Every phone conversation should be followed by a written summary referencing the specific NSA provision: "This letter confirms our conversation on [date] with [representative], during which I disputed this bill under the No Surprises Act, Public Law 116-260 and 42 U.S.C. §§ 300gg-111 and 300gg-112."

Step 5: File a Federal Complaint With the No Surprises Help Desk

File with CMS at 1-800-985-3059 or at cms.gov/nosurprises. The federal No Surprises Help Desk handles complaints against both insurers and providers. Filing a complaint creates a formal record and initiates CMS oversight of the specific violation.
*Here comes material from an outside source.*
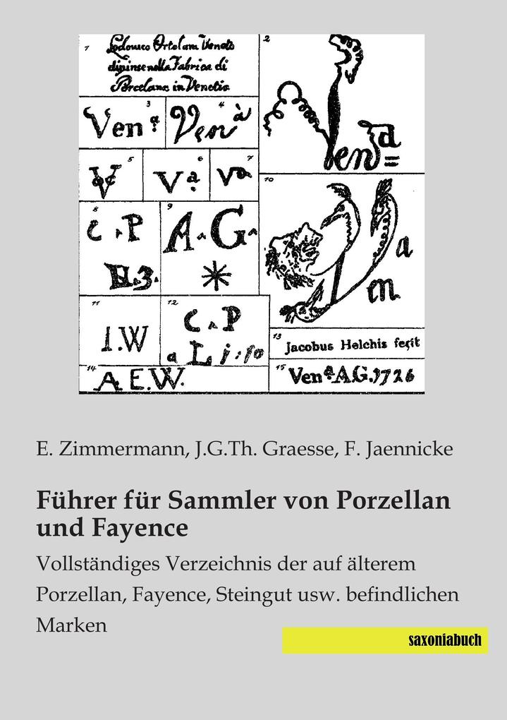 Führer für Sammler von Porzellan und Fayence (1919) als vollständiges Verzeichnis der auf älterem Porzellan, Fayence, Steingut usw. befindlichen Marken von J. G. Th. Graesse, Direktor der Münz und Porzellansammlung König Friedrich August II. von Sachsen und F. Jaennicke. Vollständig umgearbeitet und erweitert wird das Werk mit Belegen, Erläuterungen und Registern durch den Kunsthistoriker Ernst Zimmermann, Direktor der Staatlichen Porzellansammlung in Dresden.

Step 6: Escalate to State Regulators and Challenge Improper Waivers

File a complaint with your state department of insurance for state-level enforcement. If a provider claims you signed a consent waiver, challenge its validity: the NSA requires that waivers be provided at least 72 hours before the service (or at scheduling if less than 72 hours), clearly state the provider is out-of-network, include a good faith cost estimate, and be signed voluntarily — it cannot be a condition of receiving care. Emergency services and ancillary specialists (anesthesiology, radiology, pathology) cannot be waived under any circumstances. A waiver signed in an emergency room waiting room under duress is challengeable.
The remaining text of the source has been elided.